- _Supplied information_:
+-------+
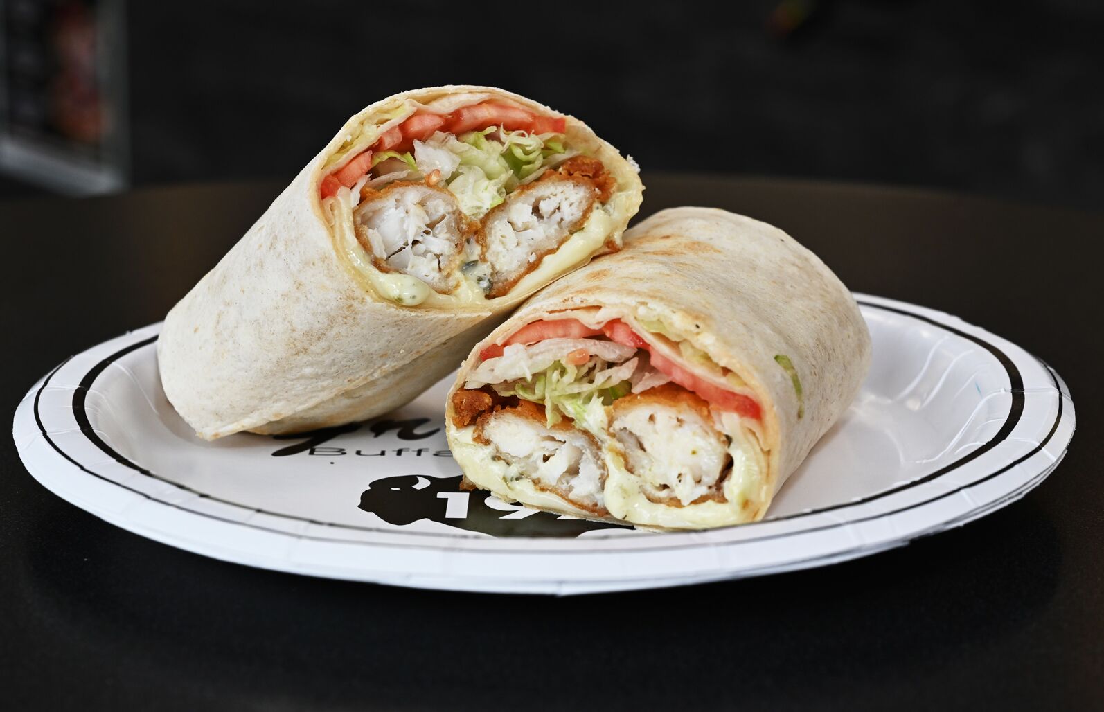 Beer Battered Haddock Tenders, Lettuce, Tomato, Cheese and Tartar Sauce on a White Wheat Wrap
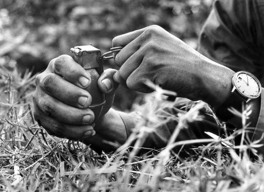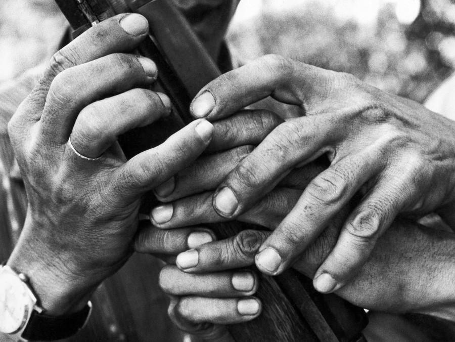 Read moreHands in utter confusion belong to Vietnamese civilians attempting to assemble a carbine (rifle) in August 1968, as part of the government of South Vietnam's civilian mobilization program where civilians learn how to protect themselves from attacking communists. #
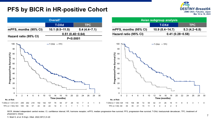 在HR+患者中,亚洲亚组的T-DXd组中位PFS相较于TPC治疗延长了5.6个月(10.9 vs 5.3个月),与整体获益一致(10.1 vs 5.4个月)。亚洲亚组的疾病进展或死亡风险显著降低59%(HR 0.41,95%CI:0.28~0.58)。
+-------+
- _Exercise instructions_: When you return the listing, keep each line exact and leave the pictures out.

- _The completed task_:
 Beer Battered Haddock Tenders, Lettuce, Tomato, Cheese and Tartar Sauce on a White Wheat Wrap
 Read moreHands in utter confusion belong to Vietnamese civilians attempting to assemble a carbine (rifle) in August 1968, as part of the government of South Vietnam's civilian mobilization program where civilians learn how to protect themselves from attacking communists. #
 在HR+患者中,亚洲亚组的T-DXd组中位PFS相较于TPC治疗延长了5.6个月(10.9 vs 5.3个月),与整体获益一致(10.1 vs 5.4个月)。亚洲亚组的疾病进展或死亡风险显著降低59%(HR 0.41,95%CI:0.28~0.58)。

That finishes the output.